Finding it hard to write down goals? Hemingway struggled writing but eventually triumphed. Surprisingly, famous book authors’ quotes about writing can teach you how to write perfect goals.
Some frequently cited sources turned out to be an urban myth. You may have heard of the one reporting that ‘the 3% of students who had written goals earned on average 10 times as much as the other 97% of the class combined, 20 years later’.
Thought provoking, but sadly it has never been proven. No such research has been conducted. I am 99% sure ;-)
Luckily, the hype around this goal setting myth did cause researchers to put on their white coats and actually investigate the effectiveness of goal setting.
It turns out the legitimate results were arguably just as impressive as the myth: those who write down goals are 42% more likely to achieve their goals than those who don’t write goals down.
Why is writing goals so hard?
The report does not list any reasons for ‘why’ writing down goals appears to make people more effective. It also doesn’t reveal why writing down goals is often much harder than we think, despite the many goal setting acronyms and templates that are available to start you off right. You might start to feel a bit embarrassed.
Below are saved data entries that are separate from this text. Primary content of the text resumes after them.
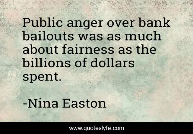 This page presents the quote "Public anger over bank bailouts was as much about fairness as the billions of dollars spent.". Author of this quote is Nina Easton. This quote is about over, bank, fairness,.
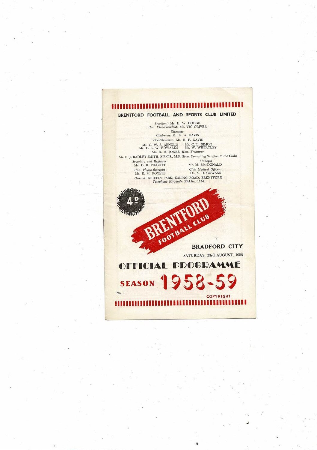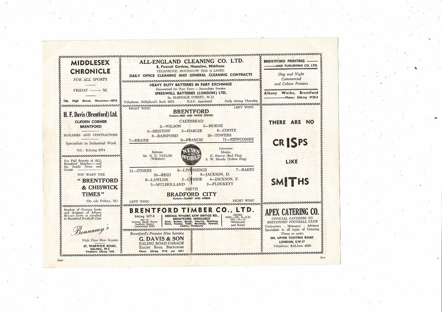 1958/59 Brentford v Bradford City Football Programme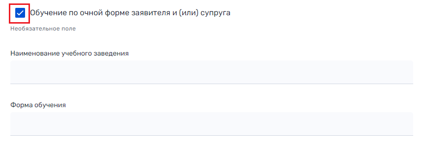 Если Вы или Ваш(а) супруг(а) являетесь студентом очной формы обучения, выберите это и заполните появившиеся поля:

Luckily, there is nothing to be embarrassed about. Many literary masters have skillfully and concisely worded what makes writing so hard for them. Hardly a surprise they can, since they’re writers. Writing entire books, however, is harder than even their authors thought.
It seems many quotes by literary masters about writing books apply to writing down goals too. Hardly a surprise marketers can fill up a to do list, but setting proper goals is always incredibly hard for everyone.
Guided by some brillant qoutes about the pain and glory of writing, let me explain why writing down goals is so hard, and why mastering it should be everyone’s primary goal.
Asking ‘why’ is an uncomfortable investment, with great returns
Although it may look simple at first, deciding on which goal to pursue can be incredibly hard. You’ll have to become very specific about what you want to achieve. That means asking yourself ‘why’ it is you do things, while all you’ve been doing up until now is ask ‘how’. Inevitably, your first attempts will leave room for improvement.
Envisioning in great detail is hard
If you don’t write you goals down and you just keep it floating around your head for a couple of years, you tend to become sloppy: “well, you know, I know it’s not perfect, but I know what I mean in the back of my mind.” You’ll be tempted to glance over things and cut yourself too much slack.
Invite imperfection to hit you in the face and improve
Like a sculptor, you’ll need to create something to walk around a couple of times to see what’s wrong with it, and how it can be improved. Write your goals down and force yourself to read over them a dozen times. Dare to apply newfound knowledge to improve upon them. In constantly changing business environments, you’ll be reviewing your goals every (couple of) week(s). You need to be on top of your goals like you are on top of your last email or post-it note.
It feels great to have the reassurance that what you’re doing adds value. It feels great to write down goals.